History of the Peloponnesian War

Thucydides

Thucydides. The history of the Peloponnesian War, Volume 1-2. Dale, Henry, translator. London: Heinemann and Henry G. Bohn, 1851-1852.

This were not to your credit, Lacedaemonians, nor to offend against the general principles of the Greeks and your own forefathers, nor to destroy us, your benefactors, for other men's hatred of us, without having been wronged yourselves; but rather, to spare us, and relent in your hearts, having taken a rational pity on us; reflecting not only on the dreadful nature of the things we should suffer, but also on the character of the sufferers, and how misfortune admits not of calculating on whom it may one day fall, even without his deserving it.

We then, as is suitable for us, and as our need induces us to do, entreat you, with invocations to the gods who are worshipped at the same altar, and by all the Greeks in common, that we may prevail on you in these things; pleading the oaths which your fathers swore, we pray that you will not be unmindful of them: we beseech you by your fathers' tombs, and appeal for aid to the dead, that we may not come under the power of the Thebans, nor those who are dearest to them be given up to those who are most hateful.
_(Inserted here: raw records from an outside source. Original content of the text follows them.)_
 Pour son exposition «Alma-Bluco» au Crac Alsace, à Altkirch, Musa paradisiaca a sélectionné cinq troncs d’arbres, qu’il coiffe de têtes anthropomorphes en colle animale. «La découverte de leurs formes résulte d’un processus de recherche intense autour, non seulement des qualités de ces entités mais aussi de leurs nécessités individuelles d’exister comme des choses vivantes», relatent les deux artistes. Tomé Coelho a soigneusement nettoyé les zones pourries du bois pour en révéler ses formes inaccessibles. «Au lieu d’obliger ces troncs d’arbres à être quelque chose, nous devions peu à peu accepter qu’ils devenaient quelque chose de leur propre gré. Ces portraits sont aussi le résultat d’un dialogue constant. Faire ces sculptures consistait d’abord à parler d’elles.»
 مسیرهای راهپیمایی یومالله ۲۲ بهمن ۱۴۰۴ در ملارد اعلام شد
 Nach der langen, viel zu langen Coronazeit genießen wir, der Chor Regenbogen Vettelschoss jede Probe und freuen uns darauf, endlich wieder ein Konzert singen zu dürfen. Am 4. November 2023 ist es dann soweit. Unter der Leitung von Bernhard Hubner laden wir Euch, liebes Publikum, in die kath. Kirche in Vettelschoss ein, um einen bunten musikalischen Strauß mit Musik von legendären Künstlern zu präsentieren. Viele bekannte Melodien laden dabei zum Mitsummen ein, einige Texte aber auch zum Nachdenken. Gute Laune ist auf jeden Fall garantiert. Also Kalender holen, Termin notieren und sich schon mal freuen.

We remind you, too, of that day on which we performed the most glorious things in their company, and yet now on this day are in danger of suffering the most dreadful.
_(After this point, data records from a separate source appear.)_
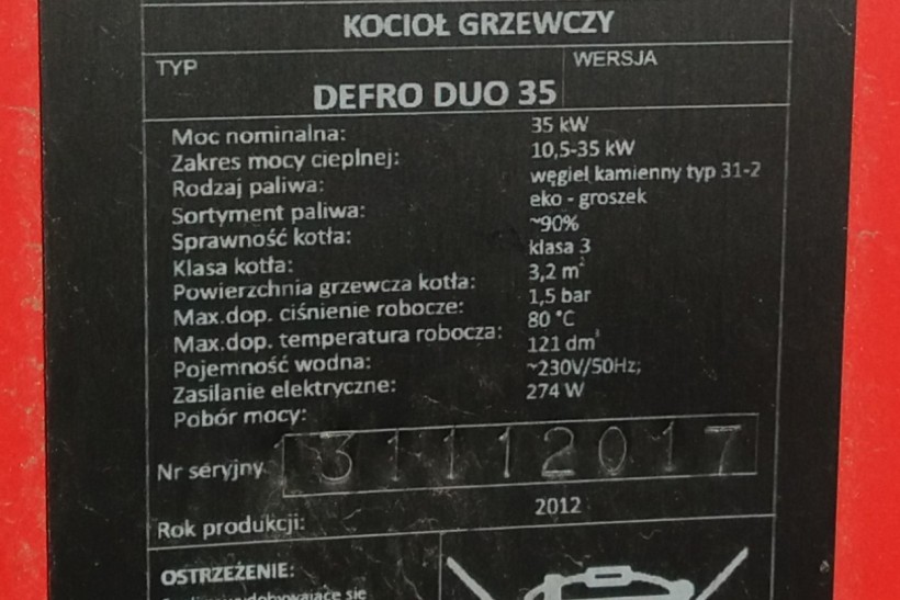 Mam do sprzedania kocioł piec DEFRO DUO 35 kw z podajnikiem zdemontowany - może być na części.
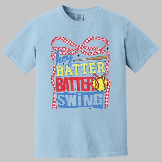 Hey Batter Batter Softball Coquette Bow T-Shirt
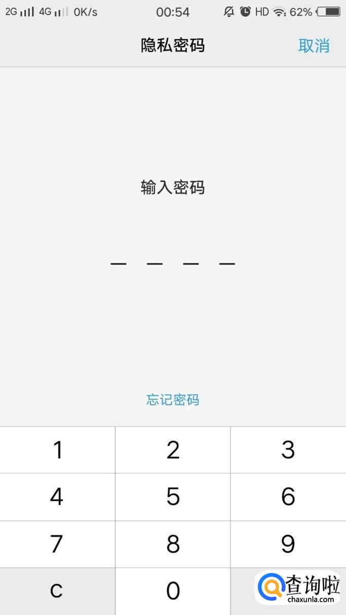 在桌面空白的地方,两指分开向两边划,进入“隐私密码”页面,如图所示。
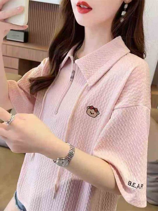 ☕️polo领短袖t恤女新款夏季韩版宽松大码设计感小众...

But, to bring our speech to a close—a thing which is necessary, and at the same time hard for men so circumstanced, because the peril of our life approaches with it—we now say, in conclusion, that we did not surrender our city to the Thebans, (for before that we would have preferred to die the most inglorious death—that of famine,) but confided in and capitulated to you. And it were but fair, that, if we do not persuade you, you should restore us to the same position, and let us ourselves take the risk that befalls us.

At the same time we solemnly beseech you, that we who are Plataeans, and who showed the greatest zeal for the cause of the Greeks, may not be given up, suppliants as we are, out of your hands and your good faith, Lacedaemonians, to Thebans, who are our bitterest enemies; but that you would become our preservers, and not, while you are giving freedom to the rest of the Greeks, bring utter destruction upon us.